------ Data supplied ------

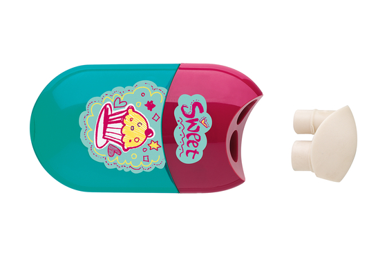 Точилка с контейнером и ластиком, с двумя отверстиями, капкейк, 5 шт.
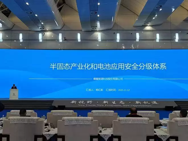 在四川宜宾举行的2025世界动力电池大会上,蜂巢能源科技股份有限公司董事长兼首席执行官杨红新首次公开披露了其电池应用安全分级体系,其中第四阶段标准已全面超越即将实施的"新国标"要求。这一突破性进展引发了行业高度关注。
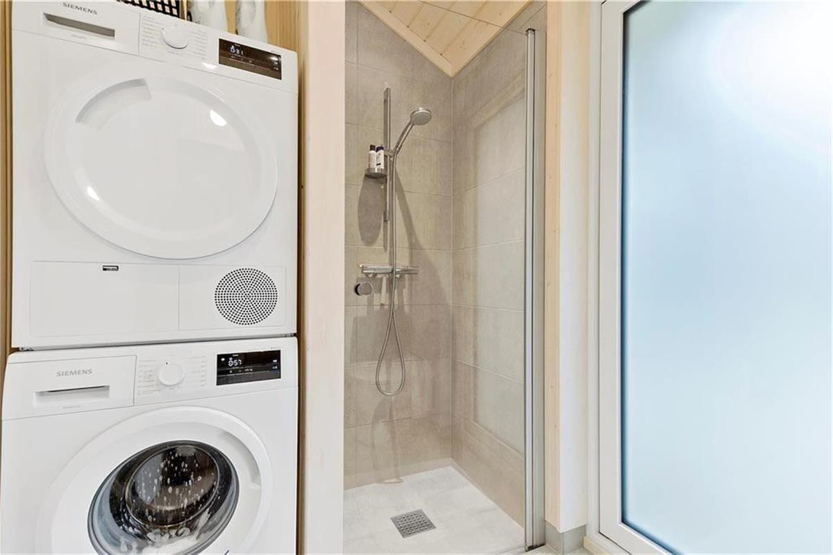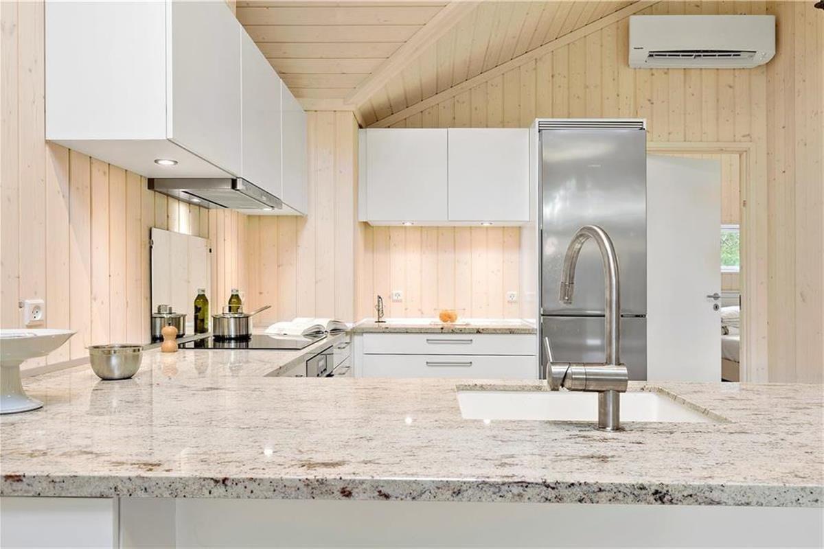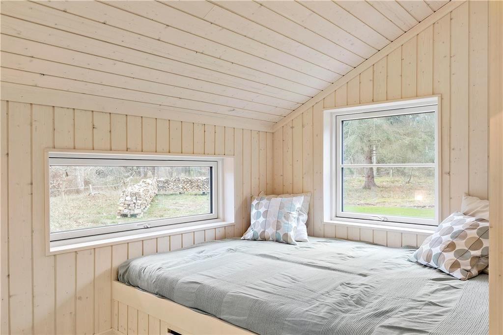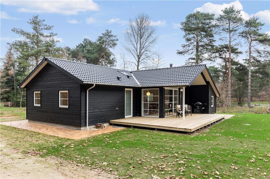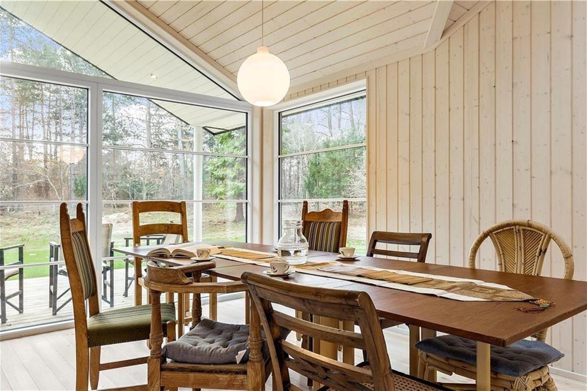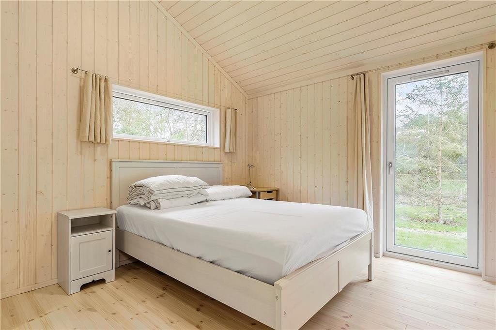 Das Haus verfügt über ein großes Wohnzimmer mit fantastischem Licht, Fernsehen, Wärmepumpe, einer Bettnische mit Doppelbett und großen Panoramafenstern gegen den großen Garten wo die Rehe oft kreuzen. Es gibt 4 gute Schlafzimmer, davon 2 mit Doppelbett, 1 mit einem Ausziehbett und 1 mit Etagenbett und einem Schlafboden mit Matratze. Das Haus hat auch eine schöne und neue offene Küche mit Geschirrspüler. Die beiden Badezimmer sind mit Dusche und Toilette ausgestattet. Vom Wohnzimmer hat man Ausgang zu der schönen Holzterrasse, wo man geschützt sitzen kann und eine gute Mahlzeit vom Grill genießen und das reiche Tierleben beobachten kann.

------
------ Data supplied ------

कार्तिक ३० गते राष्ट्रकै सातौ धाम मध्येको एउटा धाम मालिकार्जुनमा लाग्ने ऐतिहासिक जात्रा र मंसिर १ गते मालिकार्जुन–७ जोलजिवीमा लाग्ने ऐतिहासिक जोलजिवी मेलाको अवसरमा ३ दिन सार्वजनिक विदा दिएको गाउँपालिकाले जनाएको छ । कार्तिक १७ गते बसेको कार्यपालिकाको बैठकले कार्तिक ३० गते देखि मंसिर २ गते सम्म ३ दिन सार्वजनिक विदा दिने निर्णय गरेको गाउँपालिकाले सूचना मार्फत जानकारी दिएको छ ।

------

Exercise instructions:
All pictures are to be skipped. Output, word for word, the lines in the data above starting at the line containing "Точилка с контейнером" and ending at the line containing "在四川宜宾举行的2025世界".

Problem solution:
 Точилка с контейнером и ластиком, с двумя отверстиями, капкейк, 5 шт.
 在四川宜宾举行的2025世界动力电池大会上,蜂巢能源科技股份有限公司董事长兼首席执行官杨红新首次公开披露了其电池应用安全分级体系,其中第四阶段标准已全面超越即将实施的"新国标"要求。这一突破性进展引发了行业高度关注。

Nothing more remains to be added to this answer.